For those who do already like The Inbetweeners, though, there’s a lot here to enjoy. Even at the end of their run, they’re a crack comic ensemble, with the quartet playing off each other’s types in ways that are predictable but still funny: Jay does something douchey, Neil consumes a food or beverage that makes him emit some horrible fluid or smell, Simon lets nerves interfere with his stabs at romance, and Will hangs back primly and makes comments like, “And so we head out on the town, smelling like an industrial accident at a Lynx factory, and looking like the world’s shittiest boy band.” Even in this flabbier shape, The Inbetweeners is still good for a steady stream of funny lines, such as Will joking that a Greek waiter could be off “committing atrocities in Anatolia,” and it’s good for some hilariously inappropriate images, such as Will being coerced into wearing a pink “Pussay Patrol” T-shirt featuring a cat sporting a giant erection on the front and the words “Mr.
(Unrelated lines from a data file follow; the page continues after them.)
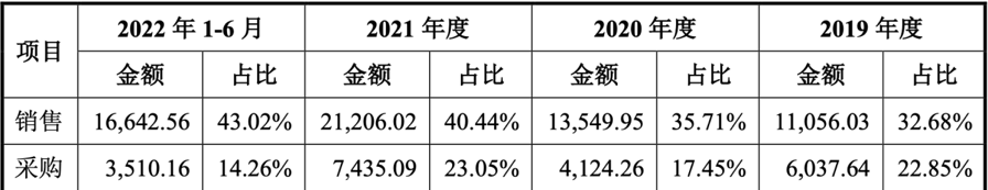 另外,博苑股份自身的客户与供应商也存在重合。就拿其第一大客户齐鲁制药来讲,齐鲁制药同时也是博苑股份的前五大供应商之一。需要注意的是,2019年-2021年以及2022年上半年,博苑股份客户与供应商重叠的合作单位分别为23家、22家、28家与16家。其中,重叠情形下销售金额分别为1.11亿元、1.35亿元、2.12亿元以及1.66亿元;采购金额分别为6037.64万元、4124.26万元、7435.09万元和3510.16万元。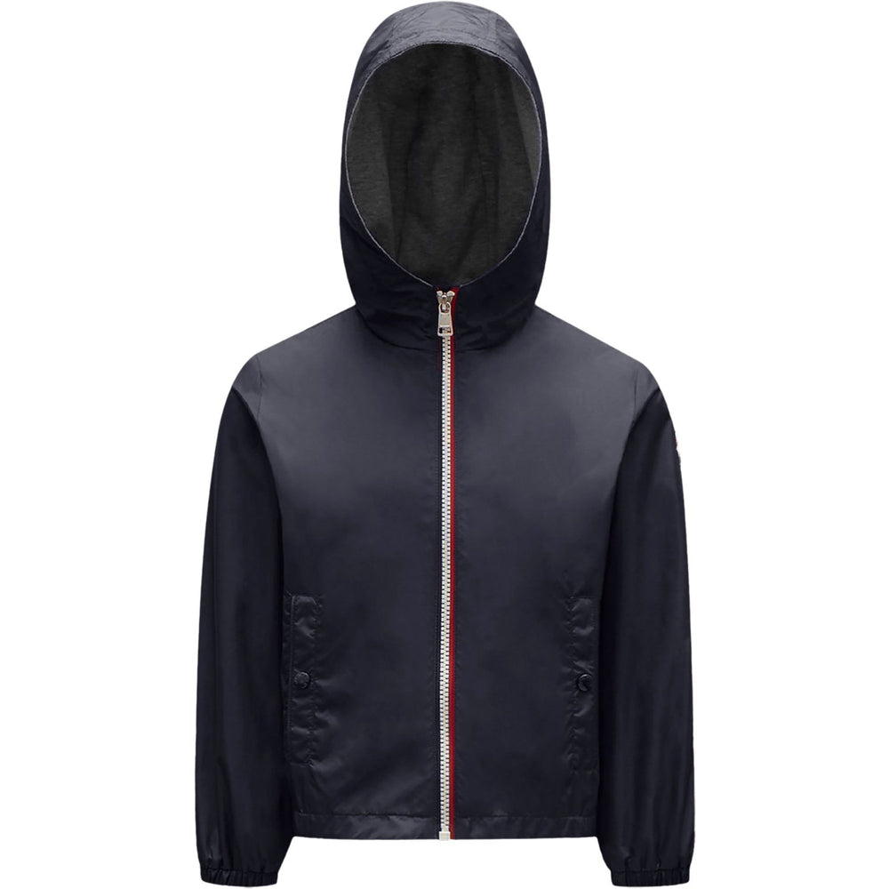 Discover the stylish Moncler Navy New Urville jacket, made for the adventurous child. This durable jacket is made from recycled nylon that ensures optimal protection from light rain, while the soft cotton jersey lining offers comfort. Designed with a practical hood and a secure zipper closure, this jacket is both functional and fashionable. The tri-colour details at the zipper add a breath of fresh air to the classic design, and the elastic cuffs and seams guarantee a perfect fit that will last for the child's many activities. In addition, there are smart front pockets with snap closures and a distinctive felt logo patch that completes the look with a touch of elegance.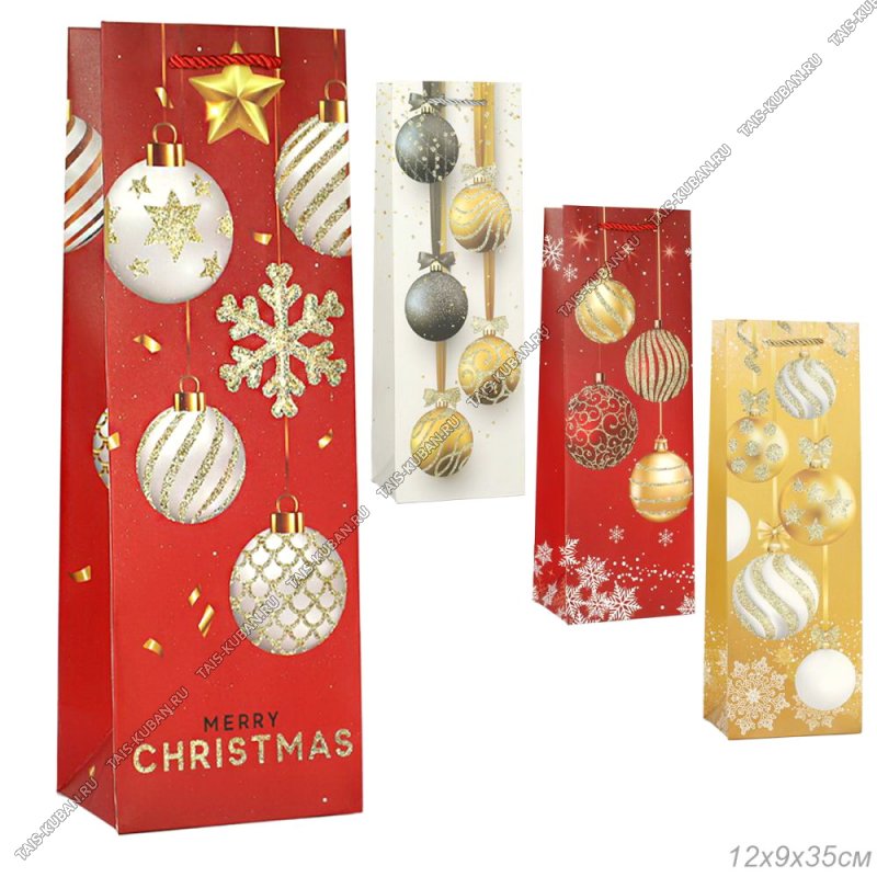 Пакет бумажный под бутылку (h35х12см) "Ёлочные шары" (12)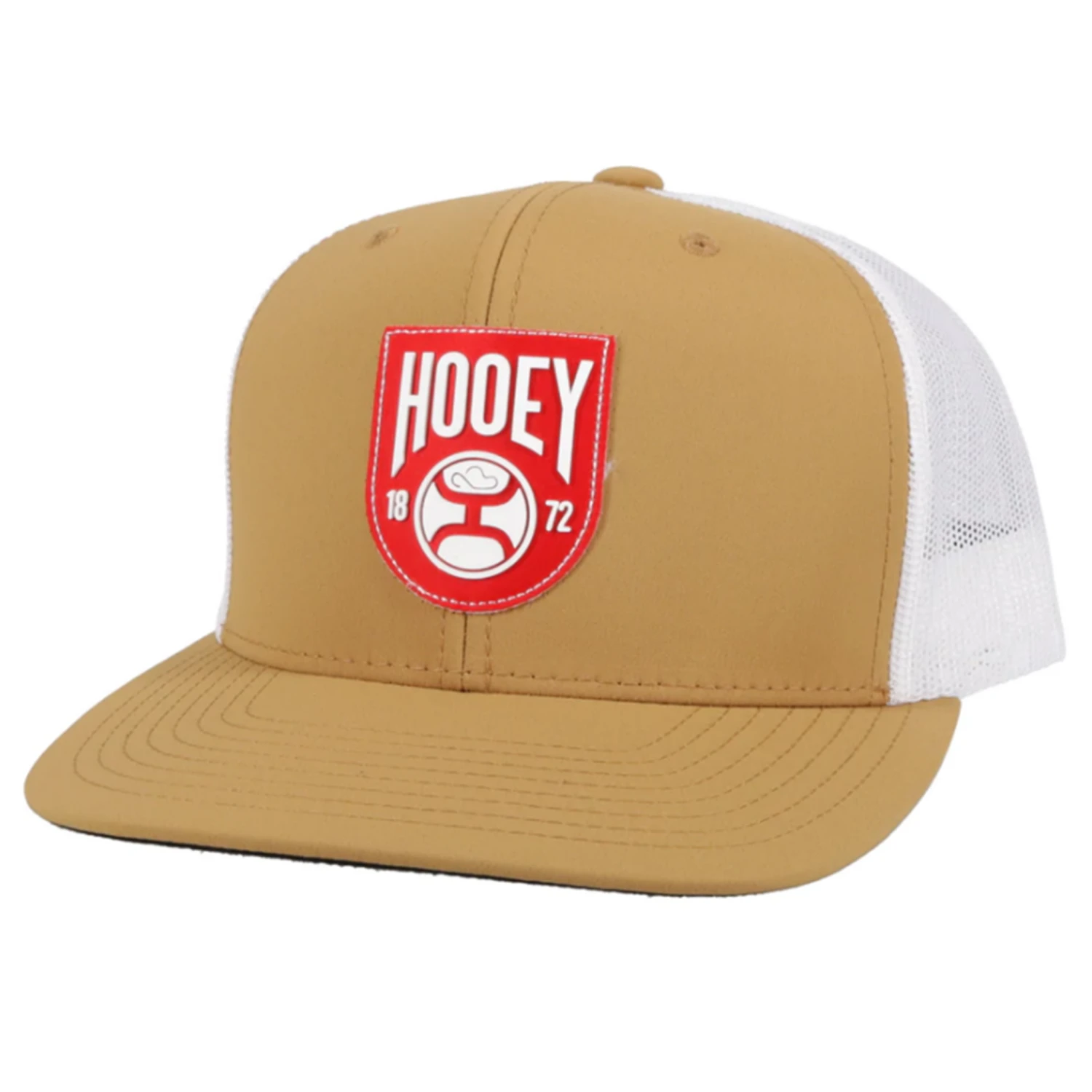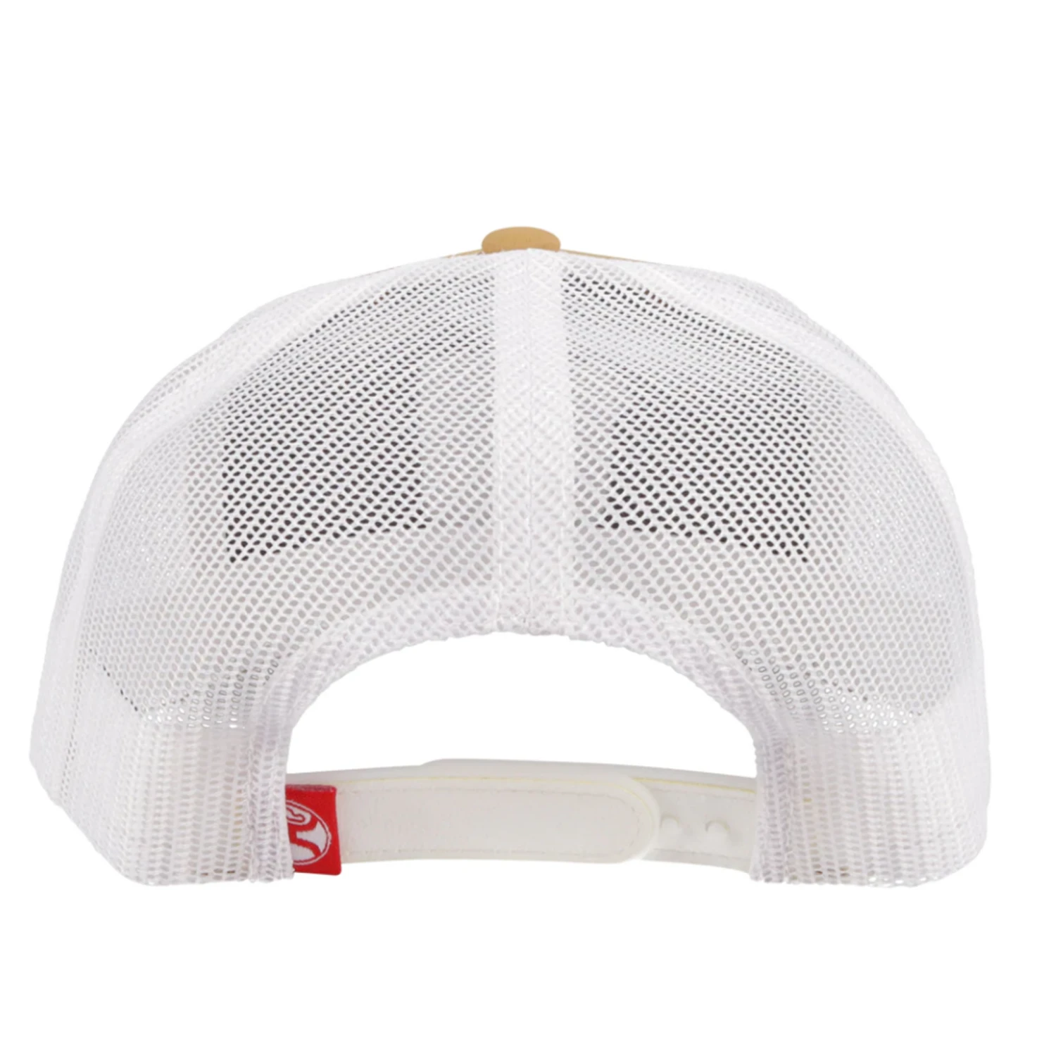 This work tan and white cap is available in a high-profile 6-panel version with a Hybrid bill. The front is made of an Odessa Fabric which helps prevent sweat rings and moisture. The back is white mesh for ventilation. OSFA adjustable backstrap with a red/white Hooey tag. The front patch is a red/white 1972 Hooey.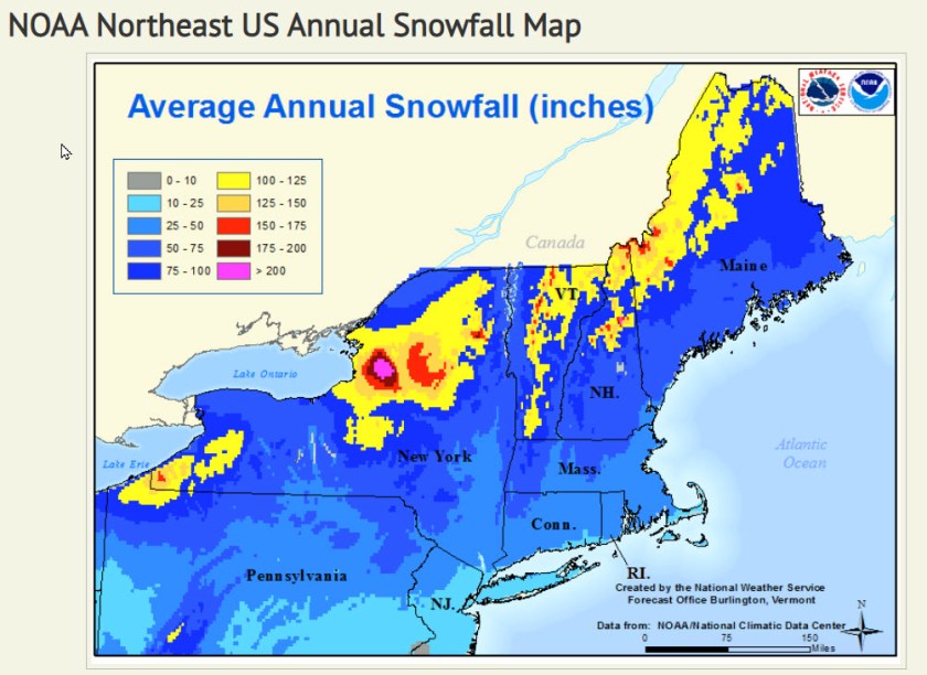 According to Wikipedia, the town of Rutland, New York has an elevation of 978’ as compared to Lake Ontario at 243’. I could find no information about the solar project to determine exactly where it is supposed to go. As you can see in the snowfall map there is a strong gradient of snowfall from the yellow (120 to 125”) to the pink (>200”). Given the elevation difference of Rutland above the Black River Valley I believe that this solar center is affected by this orographic effect and is in the 150” of average snowfall per year area.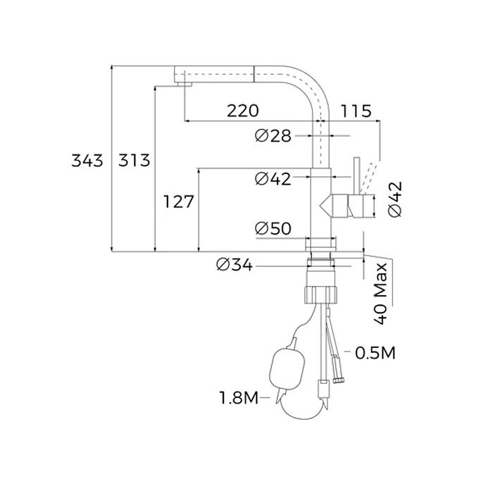 - Maneral extraíble 1 función, chorro normal
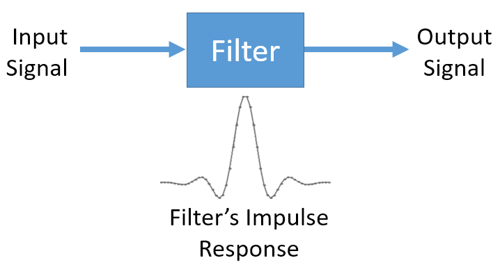To actually use the FIR filter on a signal, there are several options, and they all involve performing a convolution operation between the samples we want to filter, and the filter taps we generated above: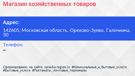 Магазин хозяйственных товаров по адресу 142605, Московская область, Орехово-Зуево, Галочкина, 30 в дальнейшем Организация, размещена в следующих категориях: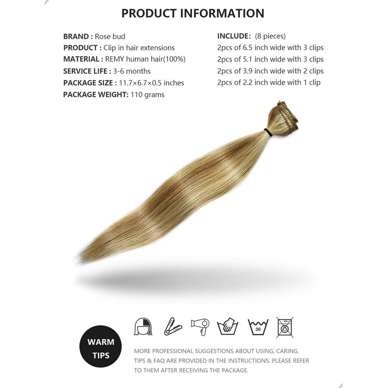- 100% Satisfaction Clip In Extensions ◆ The extra clips are given away, ROSEBUD concern everything you would meet. There may have color differences because of monitors.To ensure color match, you can Email pictures taken in outdoor natural lights to us before purchase, for asking which exact color fits you better.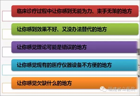 问题驱动、怀疑一切、挑战规则是推动临床科研的动力。医院管理、医疗服务、医学教育、数字医疗、生物医学等任一领域的探索创新都是很好的科研课题,以下略举几例,希望起到举一反三的作用。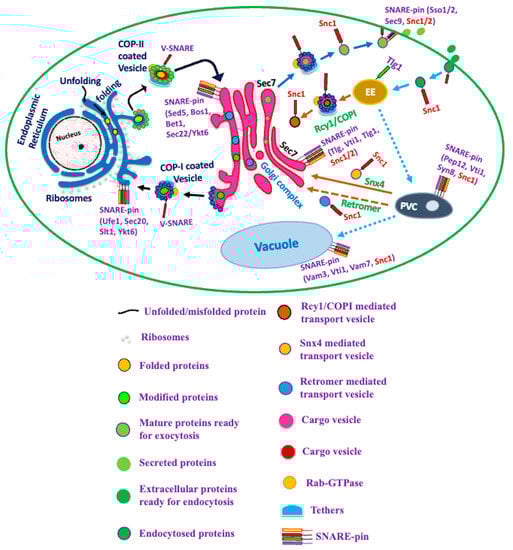 - Best, J.T.; Xu, P.; McGuire, J.G.; Leahy, S.N.; Graham, T.R. Yeast Synaptobrevin, Snc1, Engages Distinct Routes of Postendocytic Recycling Mediated by a Sorting Nexin, Rcy1-COPI, and Retromer. Mol. Biol. Cell 2020, 31, 944–962. [Google Scholar] [CrossRef]

I Fuck Kids” on the back.
But what primarily redeems the Inbetweeners movie is that it’s so surprisingly tender and sweet. Throughout the film, the guys cross path with four young ladies, and gradually, with each serendipitous meeting, Will and company retreat a little more from their over-the-top mythologizing of the opposite sex, and start to relate to women as people, not symbols. As enjoyable as these lads have been to watch over the past few years on The Inbetweeners, it’s the girls who steal the movie, leading longtime fans to wonder what a similar 18-episode series about these characters would’ve been like. Some clever TV producer in the UK should get right on that.